Основанный при патриархе Московском Филарете Никитиче и митрополите Киевском Иове Борецком в 1624 году, хотя бы и на испокон веков намоленном участке, он не мог быть отнесен к обителям очень древним. А расположенный в тридцати верстах от него уездный городок Изюм устроился полковником Григорием Ерофеевичем Донец-Захаржевским не менее чем шестьюдесятью годами позже; изюмский же городской герб был Высочайше конфирмован только 21 сентября 1781 года: на золотом его поле три виноградные лозы показуют именование города, а также, что плод сей в окрестностях его родится, как утверждалось в бумагах по екатерининской склонности к преувеличениям.

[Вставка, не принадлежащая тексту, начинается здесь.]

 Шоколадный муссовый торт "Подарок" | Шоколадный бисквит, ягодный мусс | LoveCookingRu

Вообще, Область Расселения Слободских Полков у властей числилась молодою; но при этом в служебной переписке настойчиво повторялся вопрос: не имеют ли местные жители странных каких обычаев? Нет ли чего особенного в их нравах, поверьях, обрядах, образе жития и обхождения? Не относятся ли между ними какие предания?

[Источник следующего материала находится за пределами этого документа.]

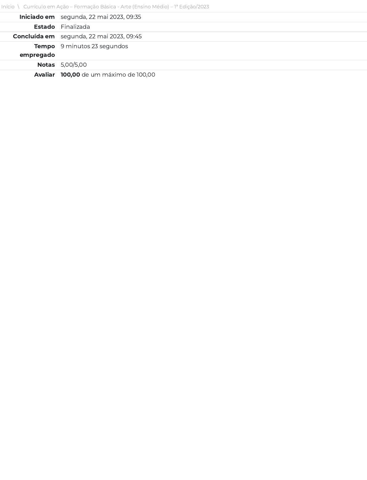 Início \ Currículo em Ação – Formação Básica - Arte (Ensino Médio) – 1ª Edição/2023 Iniciado em segunda, 22 mai 2023, 09:35 Estado Finalizada Concluída em segunda, 22 mai 2023, 09:45 Tempo empregado 9 minutos 23 segundos Notas 5,00/5,00 Avaliar 100,00 de um máximo de 100,00 https://avaefape2.educacao.sp.gov.br/my/ https://avaefape2.educacao.sp.gov.br/course/view.php?id=257 Questão 1 Correto Atingiu 1,00 de 1,00 Leia as a�rmações a seguir e indique verdadeiro (V) ou falso (F). Equilibrar, nas Situações de Aprendizagem, o desenvolvimento ora de competências cognitivas (de pensamento, comunicação, expressão por meio das diferentes linguagens), ora de competências socioemocionais e/ou atitudinais. Considerar, no planejamento de área, as práticas socioculturais envolvendo o uso de diferentes linguagens pelas culturas juvenis, especialmente aquelas nas quais os estudantes da unidade escolar participam ou se manifestam na comunidade onde a unidade escolar está inserida. Organizar o trabalho integrado em área a partir da seleção de conteúdos/objetos comuns entre os componentes, o que permite desenvolver competências socioemocionais. Observar os fundamentos básicos de ensino-aprendizagem que os identi�cam, a saber: a perspectiva de linguagem enunciativo-discursiva e a visão de aprendizagem como construção sociointeracionista. F V F V Observar os fundamentos básicos de ensino-aprendizagem que os identi�cam, a saber: a perspectiva de linguagem enunciativo-discursiva e a visão de aprendizagem como construção sociointeracionista. São fundamentos da área de Linguagens e suas tecnologias as concepções que colocam os sujeitos como interlocutores, inseridos em instâncias sociais, culturais especí�cas, bem como procedimentos e estratégias de aprendizagem considerando-a um processo de (re)construção coletivo. A observância dos fundamentos permite e facilita a articulação com outros conceitos integradores (os campos de atuação social e as competências e as habilidades) para o planejamento de aprendizagens signi�cativas voltadas para o desenvolvimento cognitivo, afetivo, social e comportamental dos estudantes. Organizar o trabalho integrado em área a partir da seleção de conteúdos/objetos comuns entre os componentes, o que permite desenvolver competências socioemocionais. O trabalho em área não deve partir da seleção de conteúdos comuns entre os componentes. Parte de outros conceitos integradores, em articulação: o de competências e habilidades de área e o de campos de atuação social e requer outros processos, procedimentos e estratégias. Considerar, no planejamento de área, as práticas socioculturais envolvendo o uso de diferentes linguagens pelas culturas juvenis, especialmente aquelas nas quais os estudantes da unidade escolar participam ou se manifestam na comunidade onde a unidade escolar está inserida. O planejamento de área deve considerar as práticas socioculturais das culturas juvenis envolvendo o uso de diferentes linguagens das culturas juvenis, para quali�cá-las. Ao considerá-las dentro de campos de atuação social, a contribuição da área para a formação integral dos estudantes é fortalecida. Equilibrar, nas Situações de Aprendizagem, o desenvolvimento ora de competências cognitivas (de pensamento, comunicação, expressão por meio das diferentes linguagens), ora de competências socioemocionais e/ou atitudinais. As Situações de Aprendizagem do Currículo em Ação desenvolvem competências de diferentes naturezas, concomitantemente. Em especial, porque organizam aprendizagens em torno de produções nas quais o uso de diferentes linguagens são requeridas, o que garante a oportunidade para a aprendizagem contextualizada e signi�cativa das mesmas. Questão 2 Correto Atingiu 1,00 de 1,00 Analise as informações acerca das competências, clicando sobre cada uma delas e lendo o texto correspondente. Depois, responda à questão que se segue. Ao reler o conjunto de competências e habilidades especí�cas para a área de Linguagens e considerando a atuação docente integrada, assinale a alternativa ERRADA. a. A articulação da experiência pedagógica na área de Linguagens e suas tecnologias precisa de acompanhamento constante, em diferentes níveis: em sala de aula, no engajamento dos estudantes junto às propostas apresentadas, acompanhado pelo professor; e nos horários coletivos de trabalho pedagógico, nos diálogos que constituem as ATPC. b. As habilidades e as competências comuns da área de Linguagens preveem uma atuação especí�ca do componente curricular de Língua Portuguesa, Arte, Língua Inglesa ou Educação Física, pois são temas que não permitem um campo de ação pedagógico integrado. Alternativa correta! A alternativa a) apresenta uma a�rmação errada, pois aponta para um trabalho individual de um componente curricular especí�co, desconsiderando a atuação como área do saber envolvendo pro�ssionais dos diferentes componentes curriculares. Conforme estudado na unidade 3, o trabalho em áreas do saber previstas no Novo Ensino Médio dão-se em oposição às lógicas individuais e solitárias do fazer docente. c. As práticas de linguagens são consideradas de maneira ampla, de tal modo que a mediação docente fará a curadoria dos recursos necessários frente às especi�cidades da comunidade escolar. d. O trabalho com habilidades oportuniza mediações pedagógicas que dialogam com as práticas de linguagens presentes também nas mídias sociais. COMPETÊNCIA ESPECÍFICA 1 COMPETÊNCIA ESPECÍFICA 2 COMPETÊNCIA ESPECÍFICA 3 COMPETÊNCIA ESPECÍFICA 4 COMPETÊNCIA ESPECÍFICA 5 COMPETÊNCIA ESPECÍFICA 6 COMPETÊNCIA ESPECÍFICA 7 Sua resposta está correta. Questão 3 Correto Atingiu 1,00 de 1,00 Assista ao vídeo gravado na roda de conversa para compartilhamento de boas práticas, promovida pela Secretaria Estadual de São Paulo, na qual a profess

– Нет, – доносили с мест. – Жизнь свою препровождают они приличную поселянину; чтобы имели странные обычаи, особливое что в нравах, не видно; развалин старых городов по здешним местам довольно, но о таковых древностях по преданиям никаких обстоятельных известий не дошло; при реке Удах есть городище, называемое Каганово, и о нем также ничего, кроме несбыточных басней, обстоятельно не слышно.

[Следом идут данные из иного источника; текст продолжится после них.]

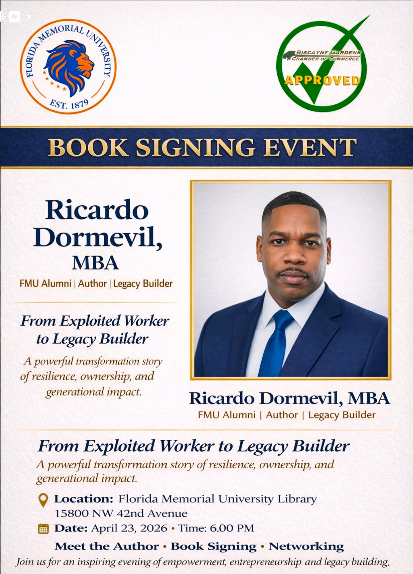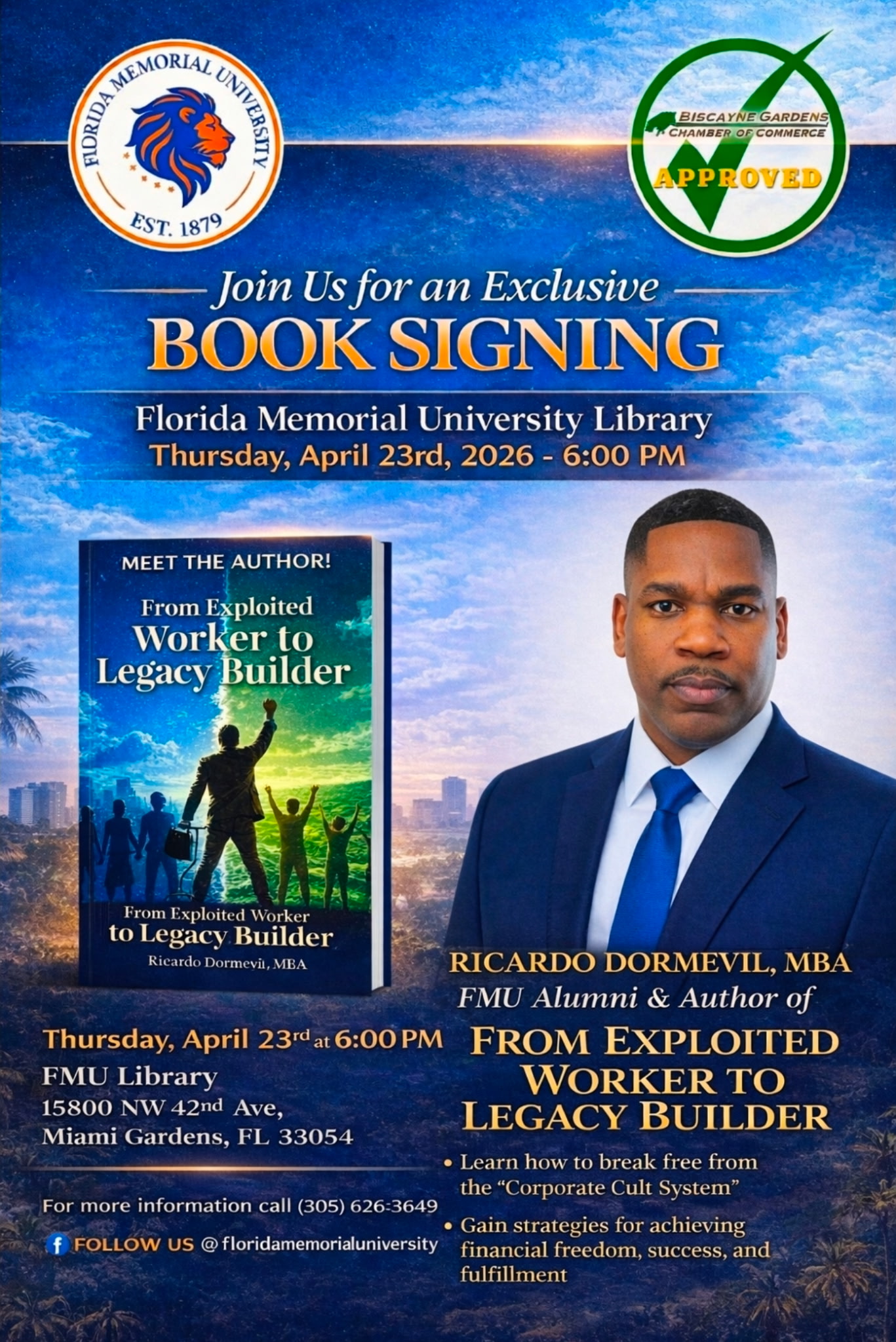 MIAMI, FL, UNITED STATES, April 20, 2026 /EINPresswire.com/ — Ricardo Dormevil, a proud alumnus of Florida Memorial University, will host an official book signing event for his newly released book, “From Exploited Worker to Legacy Builder: Breaking Free From The Corporate Cult System,” on Wednesday, April 23, 2026, at 6:00 PM at the Florida Memorial University Library, located on the university’s campus in Miami Gardens.

Но следователь Александр Иванович не доверял ни скрытным и двуличным соотичам-слобожанам, ни показанным в описях и реестрах датам. Его убеждали только факты, а именно клекот в названиях рек – и ответный взгляд степного идола, иссеченного из самородного камня: вот, ты проехал и пристально посмотрел, душевно вооружась против объемлющего тебя мечтательного страха; но в жалкую твою, покрытую веснушками и чуткими язвочками, зудящую спину уже соблаговолили уставиться – так, что волосы у тебя на шкуре подлетывают торчмя: кто ты есть? – а ты? – да неужели не знаешь?